Although the entries contain pictures, your copy should hold only their exact text.

Exercise materials START

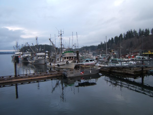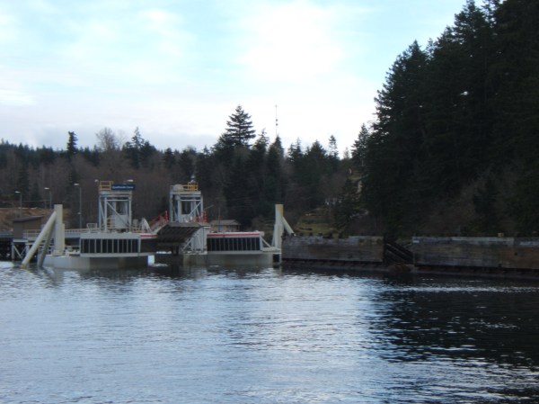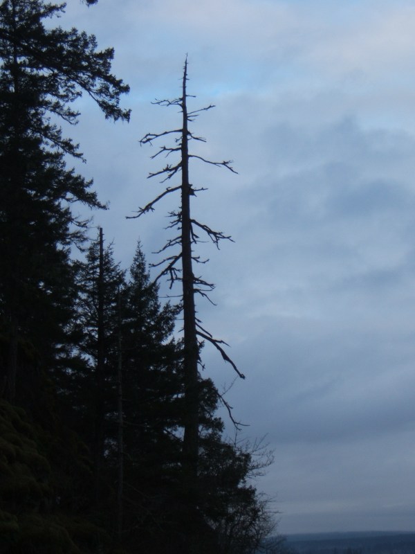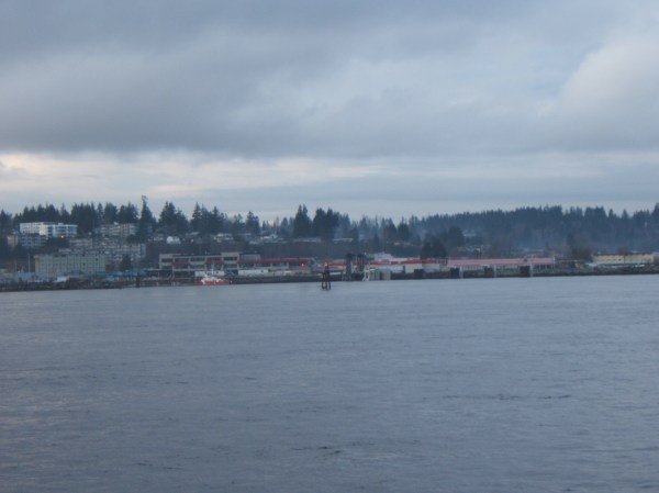 Bald eagles often perch in this bare tree by the ferry berth. Not this trip.
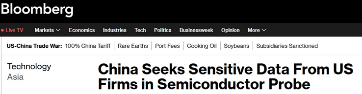 上个月,在全球两大经济体贸易谈判正在进行之际,中国对美国芯片制造商发起了两项调查。
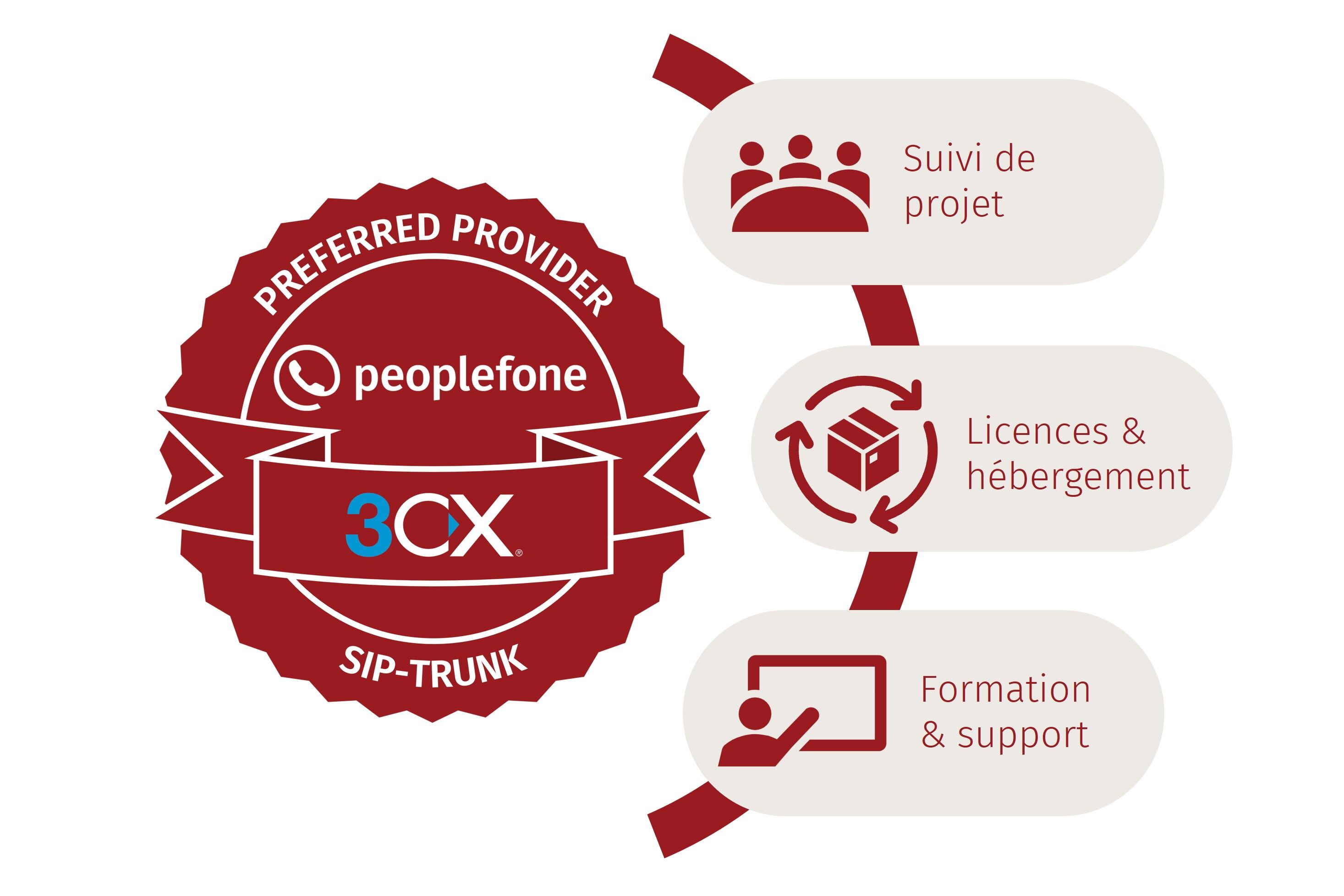 En tant que 3CX-Titanium Partner et 3CX Prefered Provider, peoplefone vous offre le package tout compris.
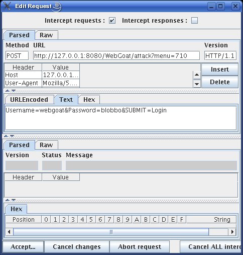Because WebGoat is itself a tutorial, it would be redundant for me (and beyond the scope of a single article) to walk through every lesson. Similarly, Web proxies are too versatile and complex to explain fully here. (In the future, I may very well devote an entire article to them.) But, I can walk you through a sample WebGoat lesson, including correct proxy use, as an illustration.
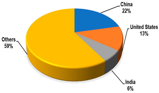 An analysis of the number of publications by country (see Figure 4) shows that China is the leader (1/5 of all publications), followed by the United States, and third place goes to India. The remaining countries provide almost 60% of publications.
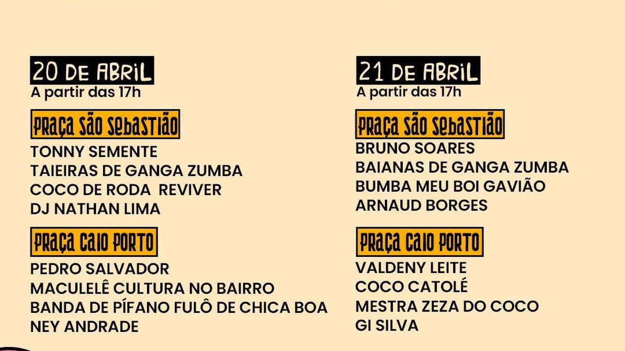 O Abril Pra Cultura é mais um evento que fomenta a cultura e o turismo de Maceió, além de promover o encontro de diferentes expressões artísticas e o diálogo entre os fazedores de arte locais e público.

Exercise materials END

• _Solved exercise_
 Bald eagles often perch in this bare tree by the ferry berth. Not this trip.
 上个月,在全球两大经济体贸易谈判正在进行之际,中国对美国芯片制造商发起了两项调查。
 En tant que 3CX-Titanium Partner et 3CX Prefered Provider, peoplefone vous offre le package tout compris.
Because WebGoat is itself a tutorial, it would be redundant for me (and beyond the scope of a single article) to walk through every lesson. Similarly, Web proxies are too versatile and complex to explain fully here. (In the future, I may very well devote an entire article to them.) But, I can walk you through a sample WebGoat lesson, including correct proxy use, as an illustration.
 An analysis of the number of publications by country (see Figure 4) shows that China is the leader (1/5 of all publications), followed by the United States, and third place goes to India. The remaining countries provide almost 60% of publications.
 O Abril Pra Cultura é mais um evento que fomenta a cultura e o turismo de Maceió, além de promover o encontro de diferentes expressões artísticas e o diálogo entre os fazedores de arte locais e público.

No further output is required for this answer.